> [PROMPT]
Transcribe every entry that follows exactly, omitting all pictures.

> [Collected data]
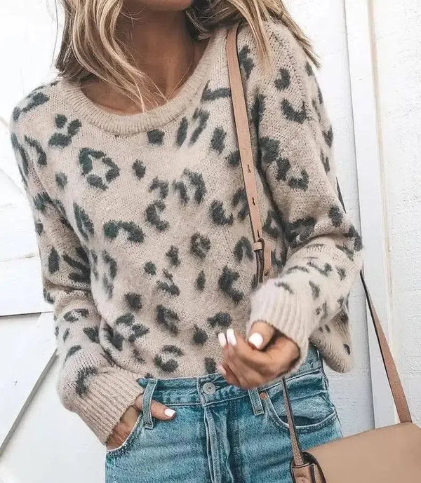 Chandail Chandail en tricot Chandail imprimé léopard Chandail pour femmes
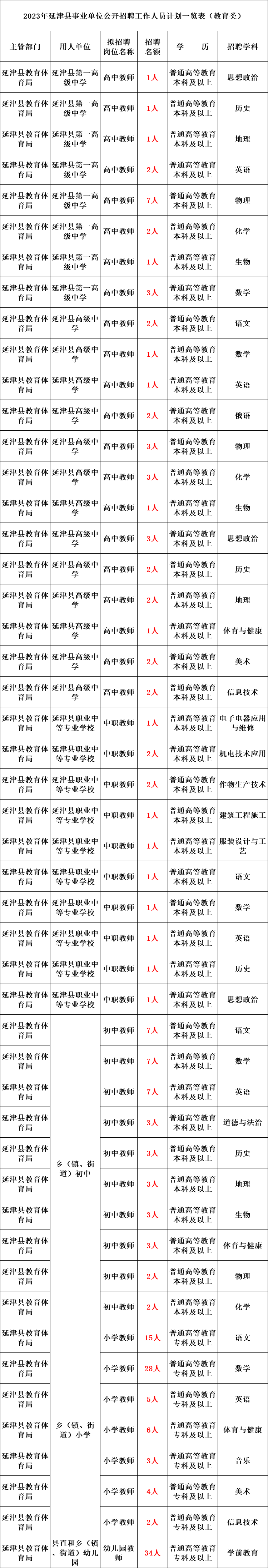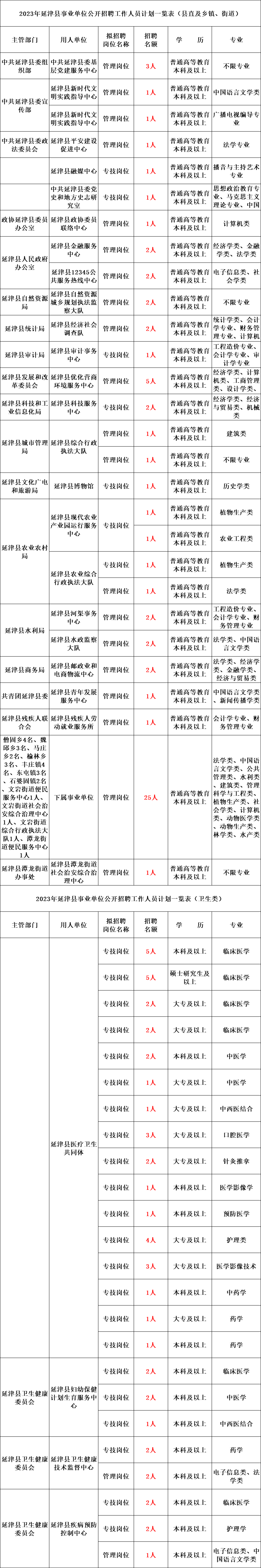 具体招聘单位、岗位、人数、岗位条件等内容详见《2023年延津县事业单位公开招聘工作人员计划一览表》。
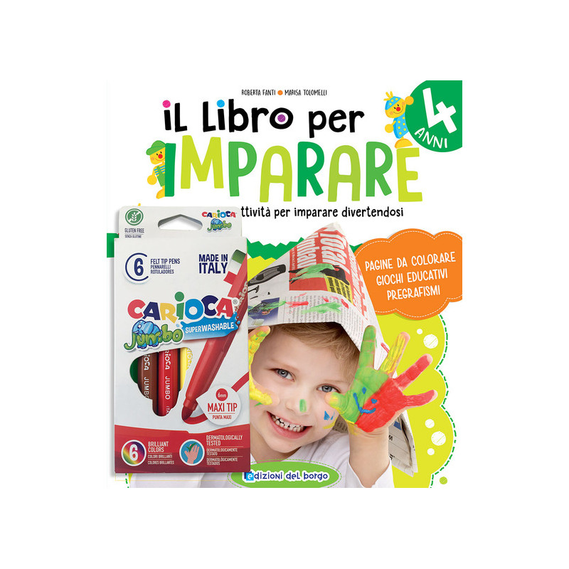 Questa collana propone ai bambini tante attività divertenti e di difficoltà calibrata a secondo dell'età di riferimento finalizzate allo sviluppo del pensiero logico, della motricità fine della mano e dell'apprendimento delle lettere e dei numeri. In abbinamento con ogni volume una scatola da 6 pennarelli Jumbo Carioca, perfetti per l'utilizzo in età prescolare. Età di lettura: da 4 anni.
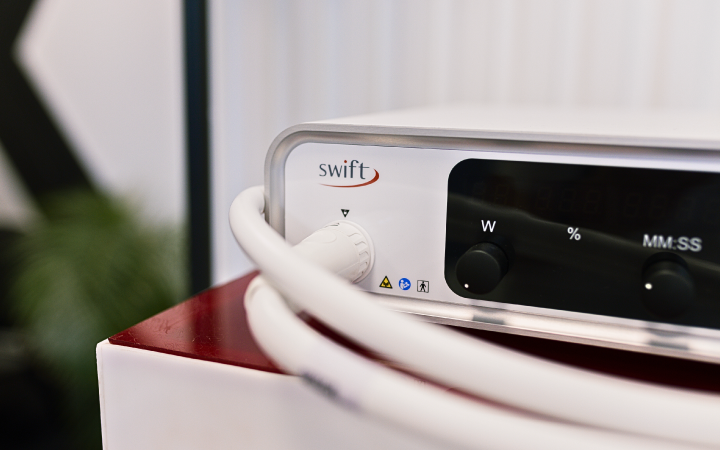 Podczas zabiegu pacjent odczuwa krótkie, punktowe ciepło – trwa ono dosłownie kilka sekund, a sama procedura powtarzana jest kilkukrotnie podczas jednego zabiegu SWIFT. Nie trzeba się przygotowywać ani niczego znieczulać. Po zabiegu nie ma ran ani opatrunków.
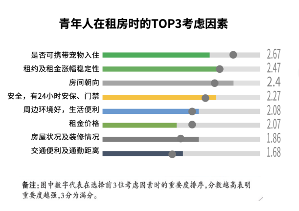 这表明越来越多的人会选择一只“萌宠”和自己共同生活。近日,ICCRA住房租赁产业研究院调研显示,当前青年人、新市民群体在考虑租房供给时排名前三的需求依次为:是否可以携带宠物入住、租约和租金的稳定性、房间朝向。可以同自己的宠物共同生活,成为Z世代在租住选择时首先会考虑的因素。
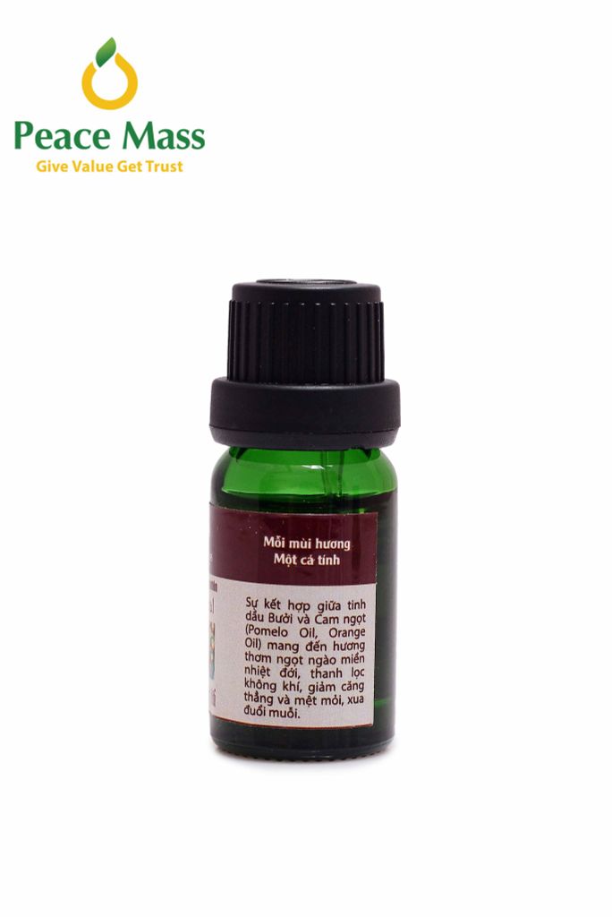 Tinh dầu Miền nhiệt đới Peace Mass dùng cho máy xông 10ml là sự kết hợp giữa tinh dầu Bưởi và Cam ngọt (Pomelo Oil, Orange Oil) mang đến hương thơm ngọt ngào miền nhiệt đới, thanh lọc không khí, giảm căng thẳng và mệt mỏi, xua đuổi muỗi.
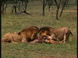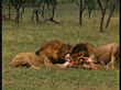 Medium shot three lions feeding on the carcass of an animal w/trees in background - 映像素材
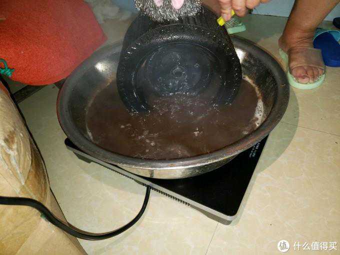 拿出电磁炉和大铁盘,水里加入大量洗洁精,配合钢丝刷慢慢盘它。
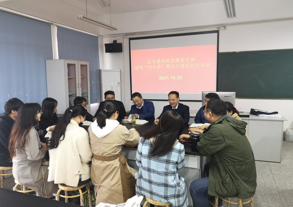 10月20日中午12点30分,医学基础部直属党支部在生化实验室召开了巡视“回头看”整改专题组织生活会,校党委委员朱三九及支部全体党员参加了会议,会议由直属党支部书记贺正皖主持。
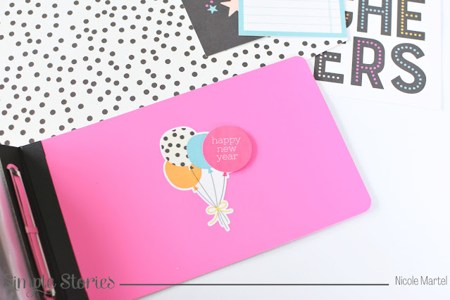 I cut the cut-apart sheet to use for the cover and then added a few stickers using foam squares to pop them up off the cover.This is the inside of the cover. I added a few more stickers... super simple! I used a pink flipbook to document my New Year's Eve celebration.
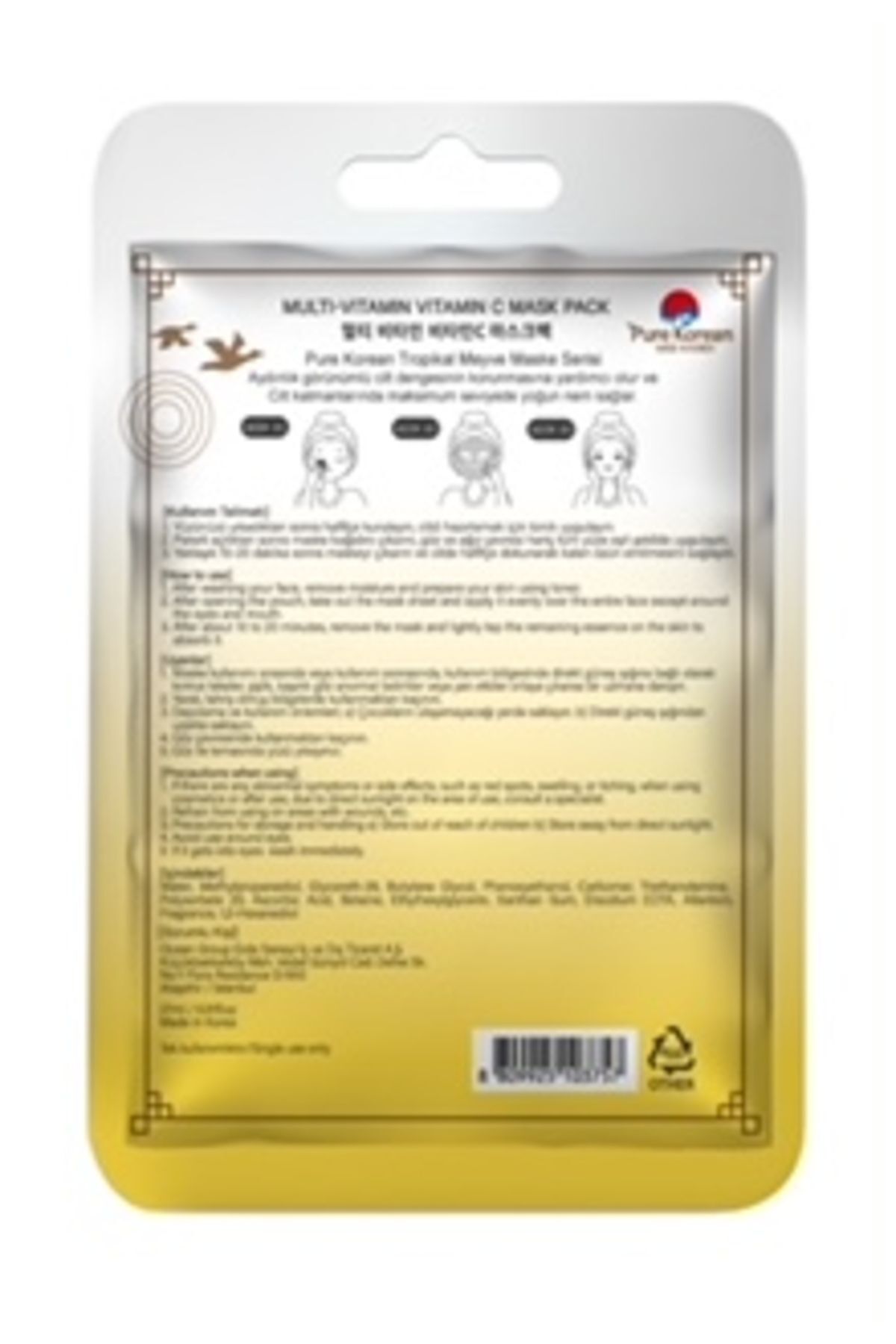 Pure Korean Multi Vitamin Maske Vitamin C.; Vita C ekstrat cilde vitamin desteği sağlar.; Aydınlık görünümlü cilt dengesinin korunmasına yardımcı olur ve cilt katmanlarında maksimum seviyede yoğun nem sağlar.; Kullanım: 1. Yüzünüzü yıkadıktan sonra hafifçe kurulayın, cildi hazırlamak için tonik uygulayın.; 2. Paketi açtıktan sonra maske kağıdını çıkarın, göz ve ağız çevresi hariç tüm yüze eşit şekilde uygulayın.; 3. Yaklaşık 10-20 dakika sonra maskeyi çıkarın ve cilde hafifçe dokunarak kalan özün emilmesini sağlayın.; Made in Korea 27 ml.
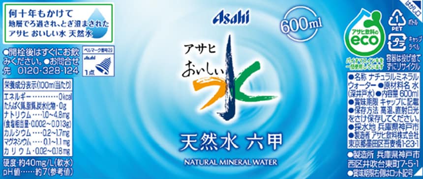 - アサヒ おいしい水 天然水 六甲 PET 600ml
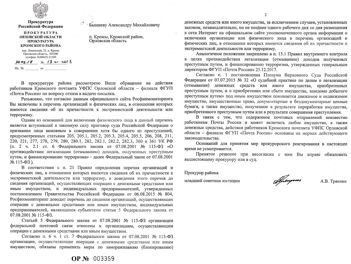 «То есть, самый главный законник Кромского района вполне допускает возможность подобного вопиющего беспредела в отношении меня и это его нисколько не удивляет», - сделал вывод Бывшев. Позднее тот же прокурор Трянзин прислал официальный ответ на двух страницах. Оснований для прокурорского реагирования он не нашёл и объяснил, почему Бывшева отказывается обслуживать «Почта России»: «В связи с тем, что содержимое почтовых отправлений неизвестно работникам «Почты России» и может включать любое имущество, а также денежные средства, действия работников Кромского почтамта УФПС Орловской области – филиала ФГУП «Почта России» основаны на нормах действующего законодательства». Это раньше так и называлось: «поражение в правах». Твоё имя занесли в официальный список действующих террористов и экстремистов? В таком случае, всё, что может попасть в твои руки – потенциальное орудие преступления («любое имущество», «денежные средства»). И совершенно неважно, что у тебя больные родители и лекарства предназначаются им.
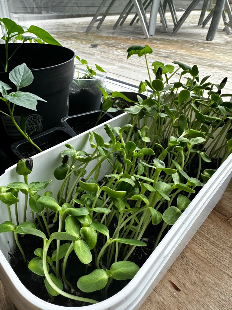 Något som vi odlar här hemma just nu är solrosskott. De växer väldigt snabbt och är både goda och nyttiga att äta. W går och plockar ibland och stoppar i munnen, och vi använder dem i sallad och ätbar garnityr.
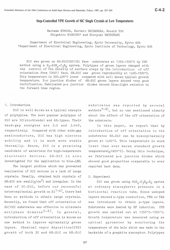 N. Kuroda, K. Shibahara, W. Yoo, S. Nishino, H. Matsunami,“Step-Controlled VPE Growth of SiC Single Crystals at Low Temperatures,”
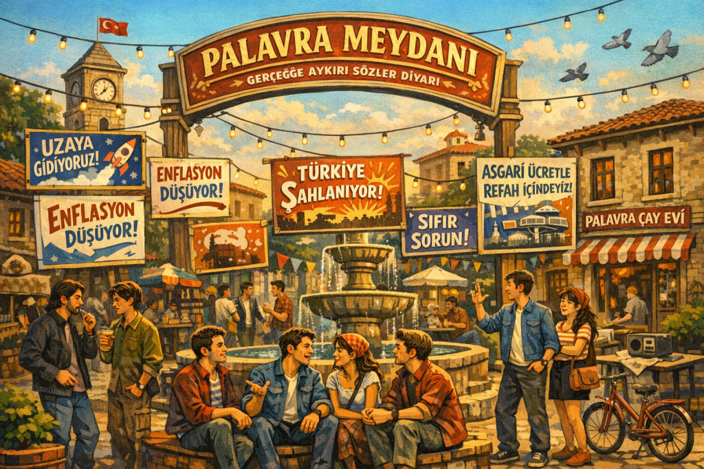 Bu yaz enflasyon düşecek! Palavra. Bu yılı emekli yılı ilan ediyoruz! Palavra. Asgari ücret düşük değil… Palavra. Yeni Türkiye… Palavra. Türkiye büyüyor, şahlanıyoruz… Palavra. Komşularla sıfır sorun… Palavra. Uzaya gidiyoruz… Palavra. Demokrasi… Palavra. Bağımsız yargı… Palavra. İnsan hakları… Palavra. İfade özgürlüğü… Palavra. Basın özgürlüğü… Palavra. İnanç özgürlüğü… Palavra. Almanya bizi kıskanıyor… Palavra. Avrupa’da raflar boş! Palavra. Türkiye yüzyılı… Palavra. Biz bu milletin hizmetkârıyız… Palavra.
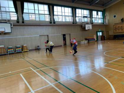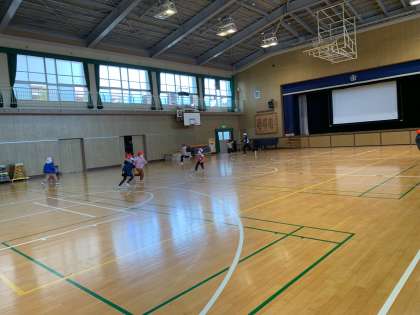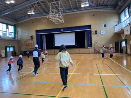 1年生にとって、大きな体育館です。元気いっぱい遊ぶことができました。
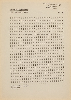 Endre Tót: I am glad if I can type Zer000… 1975 – Typewriting, ink
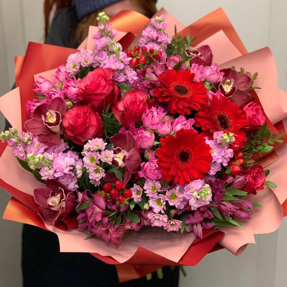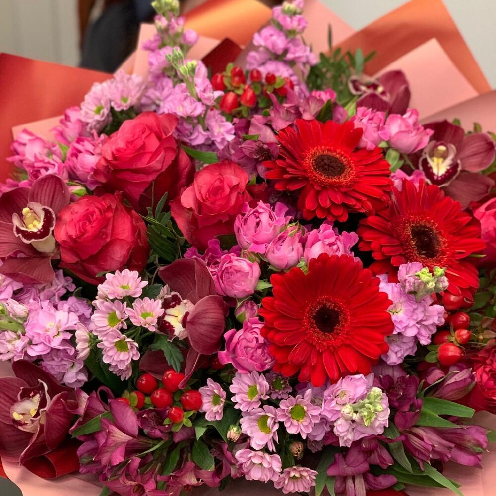Гербера – 3 шт.Сантини – 3 шт.Орхидея Цимбидиум – 5 шт.Роза – 5 шт.Альстромерия – 3 шт.Маттиола – 7 шт.Гиперикум – 3 шт.Роза кустовая – 3 шт.Зелень – 5 шт.Упаковка дизайнерская – 3 шт.

> [FINISHED EXERCISE]
 Chandail Chandail en tricot Chandail imprimé léopard Chandail pour femmes
 具体招聘单位、岗位、人数、岗位条件等内容详见《2023年延津县事业单位公开招聘工作人员计划一览表》。
 Questa collana propone ai bambini tante attività divertenti e di difficoltà calibrata a secondo dell'età di riferimento finalizzate allo sviluppo del pensiero logico, della motricità fine della mano e dell'apprendimento delle lettere e dei numeri. In abbinamento con ogni volume una scatola da 6 pennarelli Jumbo Carioca, perfetti per l'utilizzo in età prescolare. Età di lettura: da 4 anni.
 Podczas zabiegu pacjent odczuwa krótkie, punktowe ciepło – trwa ono dosłownie kilka sekund, a sama procedura powtarzana jest kilkukrotnie podczas jednego zabiegu SWIFT. Nie trzeba się przygotowywać ani niczego znieczulać. Po zabiegu nie ma ran ani opatrunków.
 这表明越来越多的人会选择一只“萌宠”和自己共同生活。近日,ICCRA住房租赁产业研究院调研显示,当前青年人、新市民群体在考虑租房供给时排名前三的需求依次为:是否可以携带宠物入住、租约和租金的稳定性、房间朝向。可以同自己的宠物共同生活,成为Z世代在租住选择时首先会考虑的因素。
 Tinh dầu Miền nhiệt đới Peace Mass dùng cho máy xông 10ml là sự kết hợp giữa tinh dầu Bưởi và Cam ngọt (Pomelo Oil, Orange Oil) mang đến hương thơm ngọt ngào miền nhiệt đới, thanh lọc không khí, giảm căng thẳng và mệt mỏi, xua đuổi muỗi.
 Medium shot three lions feeding on the carcass of an animal w/trees in background - 映像素材
 拿出电磁炉和大铁盘,水里加入大量洗洁精,配合钢丝刷慢慢盘它。
 10月20日中午12点30分,医学基础部直属党支部在生化实验室召开了巡视“回头看”整改专题组织生活会,校党委委员朱三九及支部全体党员参加了会议,会议由直属党支部书记贺正皖主持。
 I cut the cut-apart sheet to use for the cover and then added a few stickers using foam squares to pop them up off the cover.This is the inside of the cover. I added a few more stickers... super simple! I used a pink flipbook to document my New Year's Eve celebration.
 Pure Korean Multi Vitamin Maske Vitamin C.; Vita C ekstrat cilde vitamin desteği sağlar.; Aydınlık görünümlü cilt dengesinin korunmasına yardımcı olur ve cilt katmanlarında maksimum seviyede yoğun nem sağlar.; Kullanım: 1. Yüzünüzü yıkadıktan sonra hafifçe kurulayın, cildi hazırlamak için tonik uygulayın.; 2. Paketi açtıktan sonra maske kağıdını çıkarın, göz ve ağız çevresi hariç tüm yüze eşit şekilde uygulayın.; 3. Yaklaşık 10-20 dakika sonra maskeyi çıkarın ve cilde hafifçe dokunarak kalan özün emilmesini sağlayın.; Made in Korea 27 ml.
 - アサヒ おいしい水 天然水 六甲 PET 600ml
 «То есть, самый главный законник Кромского района вполне допускает возможность подобного вопиющего беспредела в отношении меня и это его нисколько не удивляет», - сделал вывод Бывшев. Позднее тот же прокурор Трянзин прислал официальный ответ на двух страницах. Оснований для прокурорского реагирования он не нашёл и объяснил, почему Бывшева отказывается обслуживать «Почта России»: «В связи с тем, что содержимое почтовых отправлений неизвестно работникам «Почты России» и может включать любое имущество, а также денежные средства, действия работников Кромского почтамта УФПС Орловской области – филиала ФГУП «Почта России» основаны на нормах действующего законодательства». Это раньше так и называлось: «поражение в правах». Твоё имя занесли в официальный список действующих террористов и экстремистов? В таком случае, всё, что может попасть в твои руки – потенциальное орудие преступления («любое имущество», «денежные средства»). И совершенно неважно, что у тебя больные родители и лекарства предназначаются им.
 Något som vi odlar här hemma just nu är solrosskott. De växer väldigt snabbt och är både goda och nyttiga att äta. W går och plockar ibland och stoppar i munnen, och vi använder dem i sallad och ätbar garnityr.
 N. Kuroda, K. Shibahara, W. Yoo, S. Nishino, H. Matsunami,“Step-Controlled VPE Growth of SiC Single Crystals at Low Temperatures,”
 Bu yaz enflasyon düşecek! Palavra. Bu yılı emekli yılı ilan ediyoruz! Palavra. Asgari ücret düşük değil… Palavra. Yeni Türkiye… Palavra. Türkiye büyüyor, şahlanıyoruz… Palavra. Komşularla sıfır sorun… Palavra. Uzaya gidiyoruz… Palavra. Demokrasi… Palavra. Bağımsız yargı… Palavra. İnsan hakları… Palavra. İfade özgürlüğü… Palavra. Basın özgürlüğü… Palavra. İnanç özgürlüğü… Palavra. Almanya bizi kıskanıyor… Palavra. Avrupa’da raflar boş! Palavra. Türkiye yüzyılı… Palavra. Biz bu milletin hizmetkârıyız… Palavra.
 1年生にとって、大きな体育館です。元気いっぱい遊ぶことができました。
 Endre Tót: I am glad if I can type Zer000… 1975 – Typewriting, ink
Гербера – 3 шт.Сантини – 3 шт.Орхидея Цимбидиум – 5 шт.Роза – 5 шт.Альстромерия – 3 шт.Маттиола – 7 шт.Гиперикум – 3 шт.Роза кустовая – 3 шт.Зелень – 5 шт.Упаковка дизайнерская – 3 шт.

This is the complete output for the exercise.